Dr. Rene Joyeuse was a remarkable man, but few people in his hometown of Saranac Lake remarked about him while he was alive. Few knew what great things he had accomplished in his life. They might have known him as a prison doctor or as a neighbor, but it wasn't until his obituary appeared in this paper in June that they realized he had also been a war hero and a medical pioneer.
And it wasn't until August, when we published village Mayor Clyde Rabideau's excellent feature story on Dr. Joyeuse's life, that they got the full and vivid story.
Dr. Joyeuse and his family lived here quietly for 25 years. He reportedly didn't like to talk about his exploits in World War II, like shooting his way out of a house surrounded by Nazis while spying for the U.S. before D-Day. He did critically important work to help the Allies win the war, earning France's highest military medal and the U.S.'s second-highest, draped around his neck by none other than Gen. Dwight Eisenhower.
Dr. Rene Joyeuse
(Photo courtesy of the Joyeuse family)
The war changed him greatly. He was a new man, and in recognition of that, he changed his surname, Veuve, to his U.S. code name, Joyeuse - the French word for "happy" and the name Charlemagne gave his sword.
He later fought for France in Indochina, where the horrors of wartime jungle surgery prompted him to enter medical school and become a doctor. Thus, he turned a bad experience into a way of helping make the world better for others.
He and his fiancee Suzanne, a nurse he met while in med school in Paris, moved to the U.S., got married and lived all over the country. He became a leader in developing the kind of trauma treatment that became standard with EMTs and emergency rooms all around the world; he was a co-founder of the American Trauma Society, fostering the creation of the trauma hospital concept.
He also helped develop the first biological heart valve replacement, one of which was, many years later, put into his wife.

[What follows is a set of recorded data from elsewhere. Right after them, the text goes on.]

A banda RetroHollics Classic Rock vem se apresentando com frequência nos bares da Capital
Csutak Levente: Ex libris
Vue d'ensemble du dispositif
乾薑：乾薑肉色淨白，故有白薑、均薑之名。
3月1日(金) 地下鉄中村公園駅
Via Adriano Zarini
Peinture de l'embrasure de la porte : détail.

We're sure many local people join us in wishing they could have known him while he was alive. What was he like, personally? What kind of a person can accomplish so much for society at large? Sadly, we didn't get the chance to find these things out for ourselves. His last 10 years were wracked by Alzheimer's disease. His wife cared for him devotedly.

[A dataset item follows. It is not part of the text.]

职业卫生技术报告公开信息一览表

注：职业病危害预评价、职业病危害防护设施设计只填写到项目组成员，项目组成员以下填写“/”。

There are many amazing people here - quite a few, even, who did amazing things in World War II - but the difference with Dr. Joyeuse is that he was not properly recognized for it locally during his life. Not once while he was living was he mentioned in the pages of the Enterprise; the Joyeuse name does not appear at all in the Enterprise online archives. Now, after his death, it's appropriate to make up for lost time, at least somewhat, in terms of public recognition.

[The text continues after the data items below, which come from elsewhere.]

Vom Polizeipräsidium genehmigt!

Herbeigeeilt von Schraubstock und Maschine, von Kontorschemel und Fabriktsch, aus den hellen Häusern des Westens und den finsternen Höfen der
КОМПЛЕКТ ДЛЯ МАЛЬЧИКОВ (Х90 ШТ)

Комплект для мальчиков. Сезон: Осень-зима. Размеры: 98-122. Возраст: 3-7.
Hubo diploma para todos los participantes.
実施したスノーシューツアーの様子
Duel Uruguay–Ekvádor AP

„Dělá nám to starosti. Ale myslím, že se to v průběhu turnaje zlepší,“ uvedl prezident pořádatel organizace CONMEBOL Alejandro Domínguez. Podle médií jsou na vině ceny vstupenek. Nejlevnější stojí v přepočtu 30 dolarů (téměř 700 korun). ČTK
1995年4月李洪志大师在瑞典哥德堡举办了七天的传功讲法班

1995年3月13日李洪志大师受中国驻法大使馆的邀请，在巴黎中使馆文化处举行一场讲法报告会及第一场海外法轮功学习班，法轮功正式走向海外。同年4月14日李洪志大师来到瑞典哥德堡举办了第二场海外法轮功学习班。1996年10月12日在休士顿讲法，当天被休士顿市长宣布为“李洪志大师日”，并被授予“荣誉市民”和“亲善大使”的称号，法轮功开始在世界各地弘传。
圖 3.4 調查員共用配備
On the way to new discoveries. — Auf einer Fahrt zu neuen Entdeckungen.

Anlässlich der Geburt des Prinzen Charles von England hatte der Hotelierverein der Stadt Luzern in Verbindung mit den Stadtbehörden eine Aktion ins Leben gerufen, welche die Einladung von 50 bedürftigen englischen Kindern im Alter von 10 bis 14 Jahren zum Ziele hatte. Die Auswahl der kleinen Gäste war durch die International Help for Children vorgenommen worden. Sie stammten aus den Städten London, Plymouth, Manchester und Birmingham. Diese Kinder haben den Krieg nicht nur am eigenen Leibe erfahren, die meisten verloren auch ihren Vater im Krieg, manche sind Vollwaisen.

So we raise a toast to Dr. Rene Joyeuse, a great man who chose, along with his wife, to make Saranac Lake their home. We're proud of that. He won't be buried here, though - rather, in a special place set aside for heroes like him.
(Editor's note: The sentence about the biological heart valve replacement has been corrected to reflect that it was put into Suzanne Joyeuse, Rene Joyeuse's wife, not into him.)